Terra completed a seed round in 2018 for $32M, led by esteemed funds such as Polychain Capital, FBG Capital, Hashed, 1kx, Kenetic Capital, Arrington XRP Capital, and most unusually, four of the six leading exchanges at the time; Binance Labs, OKEx, Huobi Capital and Upbit’s investment arm. They raised another $25M fundraising round in the beginning of 2021, backed by Galaxy Digital, Pantera Capital, Coinbase Ventures, as well as returning investors Arrington XRP, Hashed, and Kenetic Capital. Most recently on July 16th, 2021, Terraform Labs completed a $150M raise from firms including Arrington XRP Capital, Pantera Capital, Galaxy Digital and BlockTower Capital. The $150M is earmarked for Terra’s “Ecosystem Fund”, which will be used to sponsor projects built on the Terra blockchain.

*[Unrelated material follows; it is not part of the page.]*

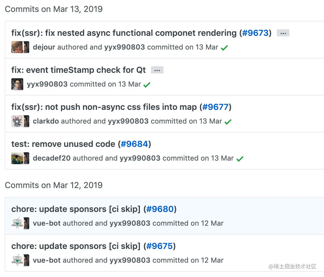 看下 vue.js 仓库的 commits 列表里截一张图,

The development of the Terra blockchain is guided by a singular, driving goal:
What can crypto do for people in the real world?
The crypto-space can often be myopically focused on its own developments on-chain. Partnerships, raises, launches, upgrades, mainnets, etc… By contrast, a huge portion of Terra’s success comes from off-chain sources such as merchant-focused apps like Chai (used by 5% of the population in Korea) and Memepay(used by 2% of the population in Mongolia). A key decision they made is to hide the inner workings of the blockchain and create user-friendly front-facing apps. In contrast to how payment apps typically focus heavily on the customer, Terra (through the Chai app) expanded extremely quickly into the Korean market by focusing specifically on merchant incentives, which we will dive into in a later section.

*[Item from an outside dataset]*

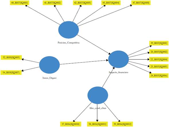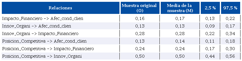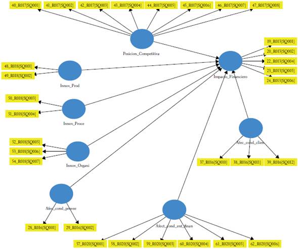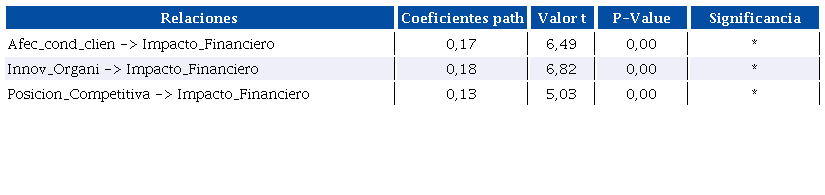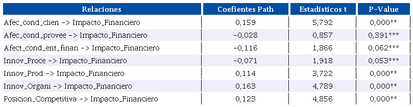 De acuerdo con Hair et al. (2017), los coeficientes path por encima de 0,10 suelen ser significativos, y los inferiores a 0,10 suelen no ser significativos. Como se observa en la tabla 4, las relaciones de Afec_cond_clien, Innov_Prod, Innov_Organi y Posicion_Competitiva son significativas, mientras que las relaciones Afec_cond_provee, Afect_cond_ent_finan e Innov_Proce no son significativas con respecto al Impacto_Financiero, por tal razón se procedió a retirar estos factores del modelo. Esta decisión se corrobora con los P-Value que obtuvieron valores superiores a 0,05, considerados no significativos.

“Terra is an application-specific proof-of-stake blockchain using Tendermint consensus that’s built on the Cosmos SDK.”
Why Tendermint? Well, Bitcoin’s consensus mechanism requires very resource-intensive hardware and power consumption to quickly process transactions through PoW (Proof-of-Work), which over time has developed issues of scalability and speed.
Tendermint aims to rectify this by building consensus through a large number of distributed nodes without resorting to PoW but instead using PoS (Proof-of-Stake). Their primary goal is to focus on speed, security, and blockchain scalability with a focus on cross-chain technology.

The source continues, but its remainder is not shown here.